March 14th, 2008 - 3:42 pm ICT by admin  

Nandigram (West Bengal), March 14 (IANS) “We can forget our own name, but not of Nandigram,” firebrand leader Mamata Banerjee said Friday, sharing the dais with activist Medha Patkar at Nandigram’s Adhikaripara as the victims of the March 14, 2007 carnage in this part of West Bengal’s East Midnapore district were remembered a year on. Exactly a year ago at around 10.30 a.m., police bullets felled at least 14 people who were protesting the proposed land acquisition for a special economic zone (SEZ).

A year later the gun-battles between the ruling Communist Party of India-Marxist (CPI-M) and the opposition-led Bhumi Uchched Pratirodh Committee (BUPC) are not a regular phenomenon. But clashes continue now and then even after the CPI-M’s “recapture” of Nandigram after a massive November onslaught.

“I cannot return the dead sons to their mothers. I cannot return the honour of the raped. But I vow on the soil of Nandigram to bring down the communists who perpetrated the atrocities, killed democracy and innocent villagers,” said Mamata.

She took a handful of Nandigram soil and headed back to Kolkata where daylong programmes were organised. A procession is being held in the state capital with the soil in a place of honour.

As Mamata and Medha spoke in an impassioned manner, tears rolled down the faces of women assembled there.

Women were the worst victims of violence in Nandigram throughout 2007. Many were raped and assaulted by alleged CPI-M cadres both during the chaos of the police firing on March 14 and later in November last year when party men “recaptured” the area.

“We are observing this day as martyrs’ day and farmers’ day. I am taking the soil of Nandigram to Kolkata and seek justice across the state,” Mamata said.

“Why are the culprits still not arrested?

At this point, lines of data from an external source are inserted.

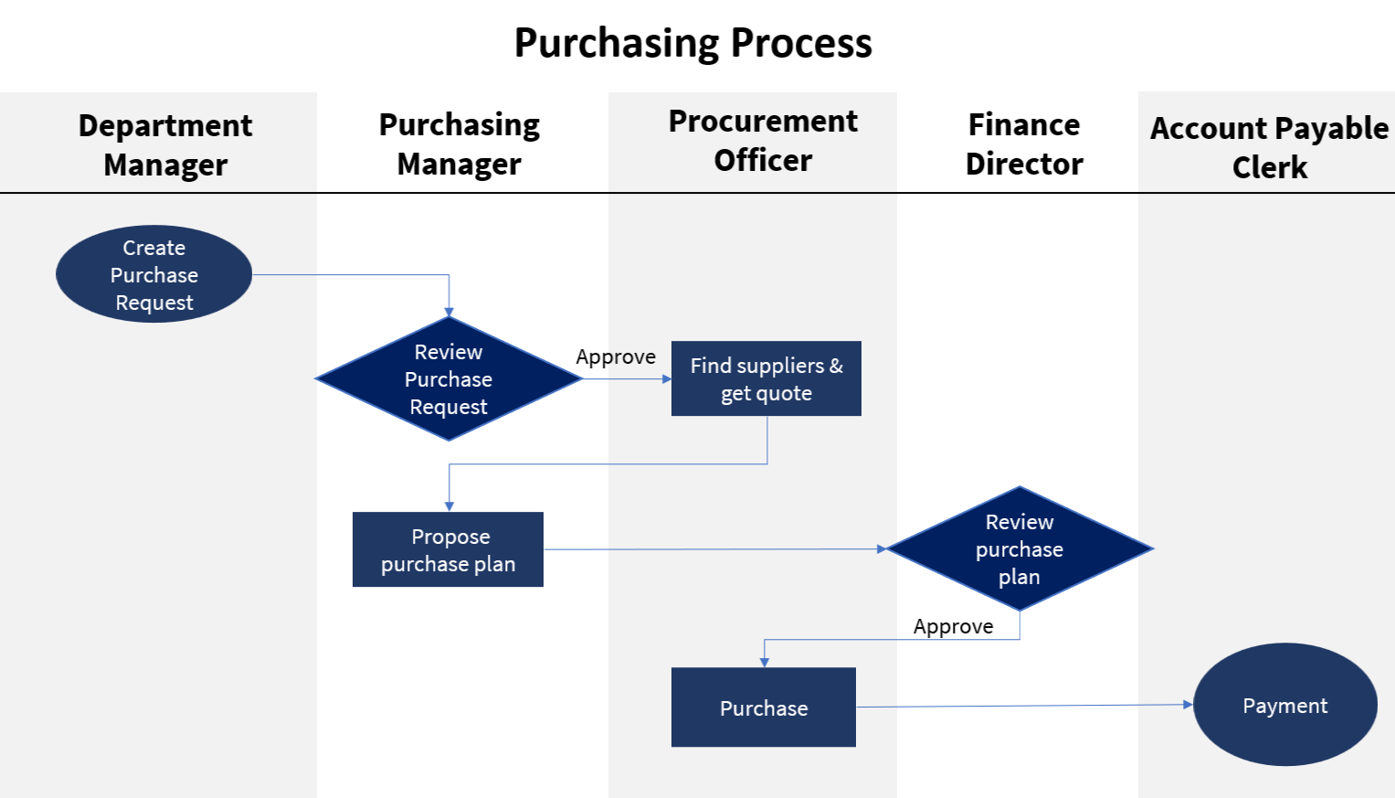 Example: A purchasing process begins with a "purchase request" and proceeds through various steps to conclude with "purchased goods."
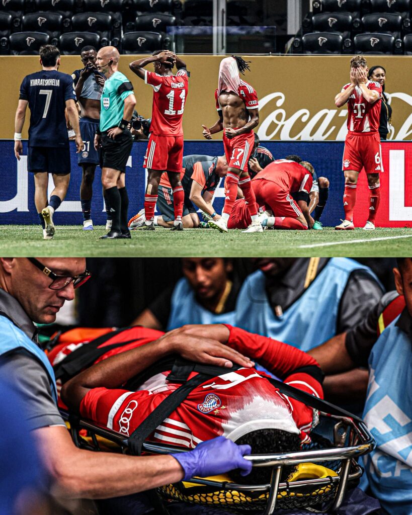 En cuestión de segundos, los médicos del Bayern y del torneo ingresaron al campo. La cara del técnico y sus compañeros lo decía todo. Algunos jugadores se tomaban la cabeza, mientras otros miraban al cielo, conmovidos por el dolor de su compañero.
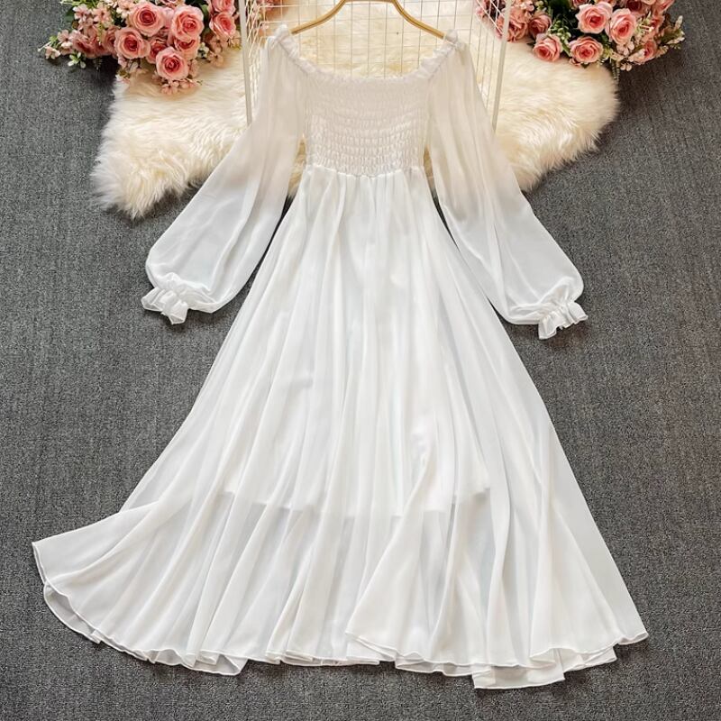 レディース スカート ワンピース プルオーバー ドレス ロングスカート ロング 長袖 スクエアネック Aライン フェミニン シフォン ハイウエスト 透け感 シースルー 薄手 かわいい 大人可愛い きれいめ シンプル カジュアル 上品 おしゃれ レトロ こなれ感 ラフ ガーリー ルーズ 個性的 エレガント モダン 主役級 存在感 とろみ感 抜け感 ラブリー キュート ロマンティック ナチュラル 無地 デート お出かけ リゾート 休日 バカンス コーデ 美脚 脚長 モテ 清楚 ゆる フリーサイズ ホワイト
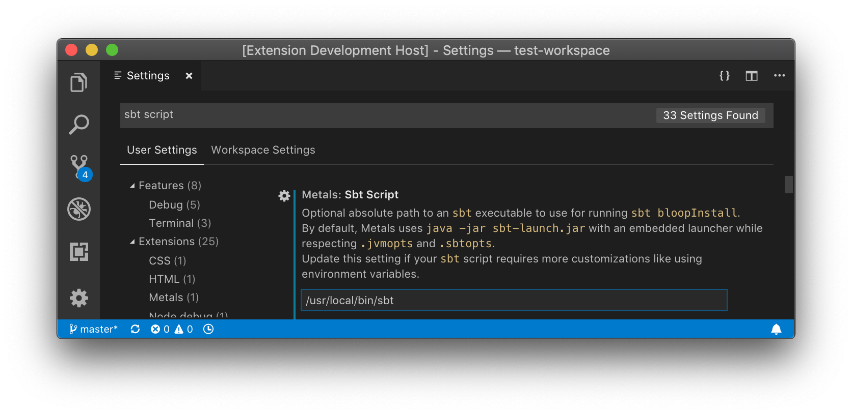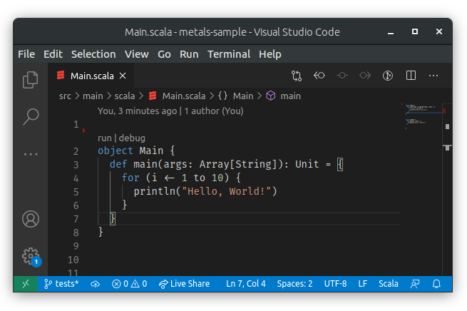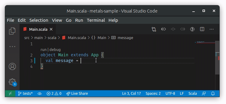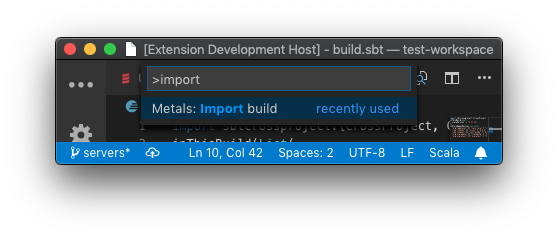 tail -f .metals/metals.logto watch the build import progress. - Behind the scenes, Metals uses Bloop to import sbt builds, but you don't need Bloop installed on your machine to run this step.
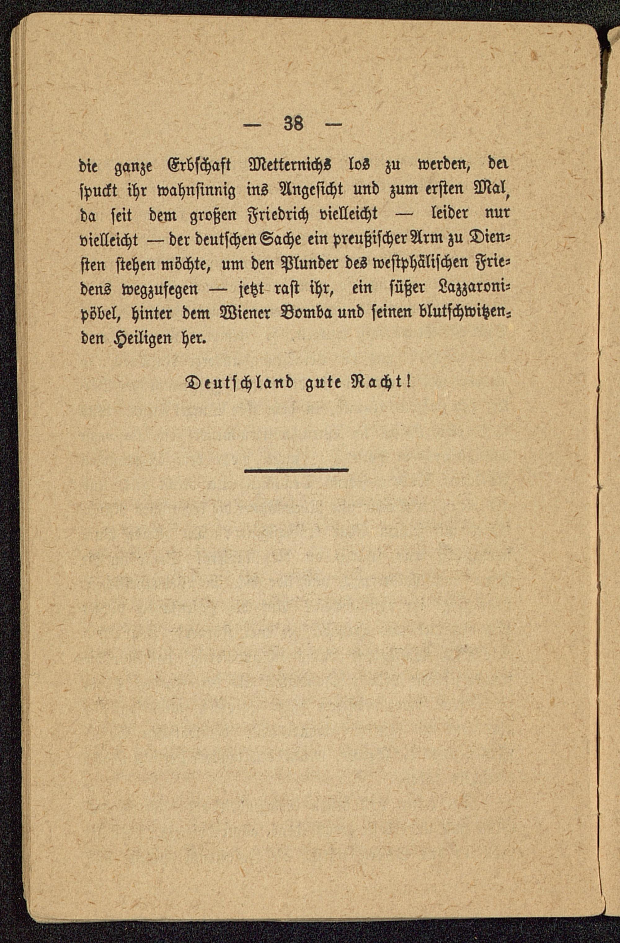 die ganze Erbschaft MetternichS loS zu werden, derspuckt ihr wahnsinnig ins Angesicht und zum ersten Mal,da seit dem großen Friedrich vielleicht — leider nurvielleicht — der deutschen Sache ein preußischer Arm zu Dien-sten stehen möchte, um den Plunder des westphälischen Frie-dens wegzufegen — jetzt rast ihr, ein süßer Lazzaroni-pöbel, hinter dem Wiener Bomba und seinen blutschwihen-den Heiligen her.
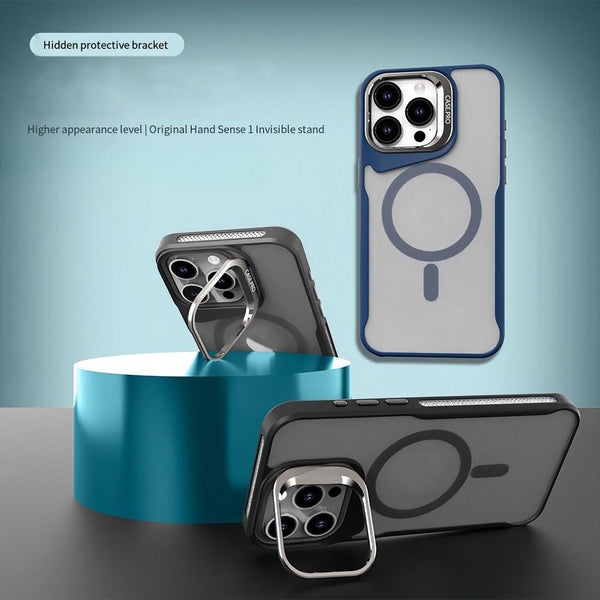 For iPhone 15 Plus / 14 Plus Metal Bracket MagSafe Magnetic Phone Case(Black)
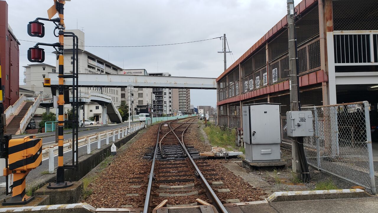 ↑こちらは球場前・三菱自工前方、下り方向の線路です。
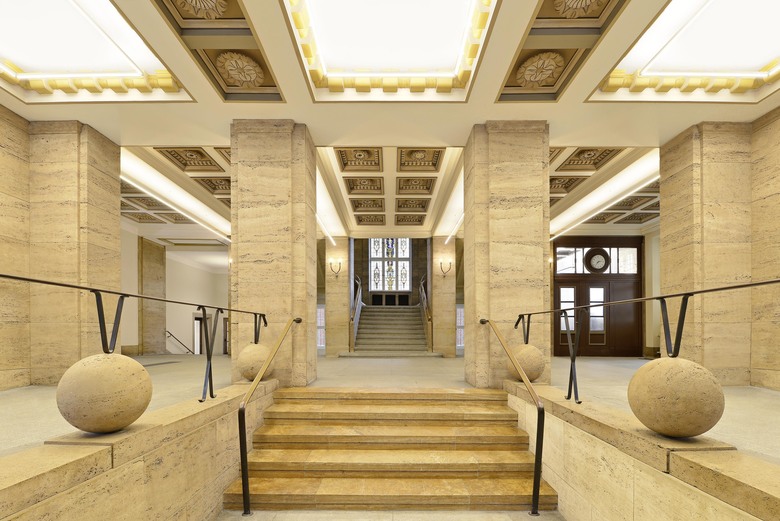 angebracht. Durch die energetische Sanierung der Gebäudehülle und der technischen Gewerke wurde die Energiebilanz des Hauses wesentlich verbessert (Einsparungen bis zu 40 %) und eine wirtschaftlicherer Betrieb ermöglicht. Auf die Gestaltung der Barrierefreiheit wurde besonders großer Wert gelegt (Hubaufzug, taktile Leitlinien, Brailleschrift etc.).

We want the triumph of good and defeat of the evil,” she said.

The Trinamool Congress leader also shared the dais with Provash Ghosh, the leader of Socialist Unity Centre of India (SUCI), a communist party outside the ruling Left Front but with pockets of mass support in rural West Bengal.

Meanwhile, a report in a Kolkata daily quoting a Central Reserve Police Force (CRPF) official said that there was no evidence to suggest that Maoists were present in Nandigram to arm the people.

While the ruling communists justified the actions in Nandigram citing presence of Maoists, the CRPF, which was deployed in the area in November last, said: “It is a fabricated story that they came to distribute arms here”.

At least 14 people were killed March 14, 2007, in Nandigram as police opened fire to quell mobs and retake the area they lost control of in January after unrest over acquisition of farmland for industry.

“It is a black day in the 30-year rule of the Left in West Bengal. It is unfortunate and harrowing,” state Public Works Department (PWD) Minister Kshiti Goswami, who represents the Left Front constituent Revolutionary Socialist Party (RSP), had said on March 14 last year.

On July 31, 2006, the state government signed an agreement with Indonesia’s Salim Group to implement industrial projects, including a chemical hub, to be spread over 10,000 acres in a 50:50 joint venture in Nandigram.

With the people of Nandigram rising in revolt, the government later decided to shift the project to Nayachar island in the same East Midnapore district.